Justice  /  Retrieval

How Chicago's Division Street Rebellion Brought Latinos Together

In 1966, police shot a young Puerto Rican man. What followed created a blueprint for a new kind of solidarity.

Troubles also flared between Puerto Ricans and police, who harassed and targeted them—sometimes simply for gathering on street corners or walking through the park. In the summer of 1965, just a year before the rebellion, police brutally beat several young Puerto Rican men in a dispute over fire hydrants. “Residents of the Division Street area shared a pervasive belief,” sociologist Félix M. Padilla wrote, “that policemen were physically brutal, harsh, and discourteous to them because they were Puerto Ricans; that policemen did not respond to calls, enforce the law, or protect people who lived in this community because they were Puerto Ricans.”

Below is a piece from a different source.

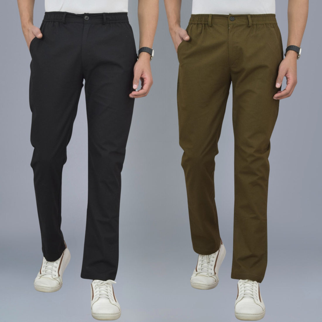 Pack Of 2 Black And Mehendi Green Airy Linen Summer Cool Cotton Comfort Pants For Men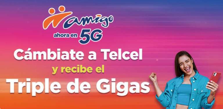 Telcel Ir a la ofertaCámbiate a Amigo de Telcel con la tarifa Amigo Sin Límite, realiza recargas iguales o mayores a $50 que activen un Paquete Amigo Sin Límite y por promoción durante los primeros 6 meses recibe el Triple de Gigas.

So it was hardly a surprise when the streets erupted, calming down only on the third day, when an overwhelming police presence flooded the area. But what happened in the weeks and months that followed changed the course of the Latino experience in Chicago forever.

When the shooting occurred and the commotion began, brothers Omar and Obed López were standing a block away, waiting for an order of tacos at Doña Maria’s restaurant. They sprang into action, joining friends and community leaders to calm the fury, and helping keep others safe by pointing them to hiding spots. The Lópezes were from Mexico, which made them unusual in the neighborhood; while Mexicans and Puerto Ricans lived in proximity in the Near West Side in the 1940s, urban renewal projects largely drove them to different parts of the city in the next two decades. Rebellion, however, would join them together again. Relative unknowns in the neighborhood, in the coming months and years, the López brothers would become known across Humboldt Park and Chicago as leaders of the Latino community.

In the immediate aftermath of Division Street, neighborhood activists who had been touched by the rebellion—youth, families, religious leaders—decided there was no going back. Cultural recognitions like a Puerto Rican Day parade, they vowed, would no longer be enough. Chicago’s Puerto Ricans began planning direct political action. Throughout the second half of 1966, they organized peaceful rallies at Humboldt Park, participated in the Chicago Commission on Human Relations hearings on police brutality, and marched to city hall. There, they demanded full citizenship rights and decried how housing discrimination, lack of jobs, poor city services, and police brutality structured everyday life.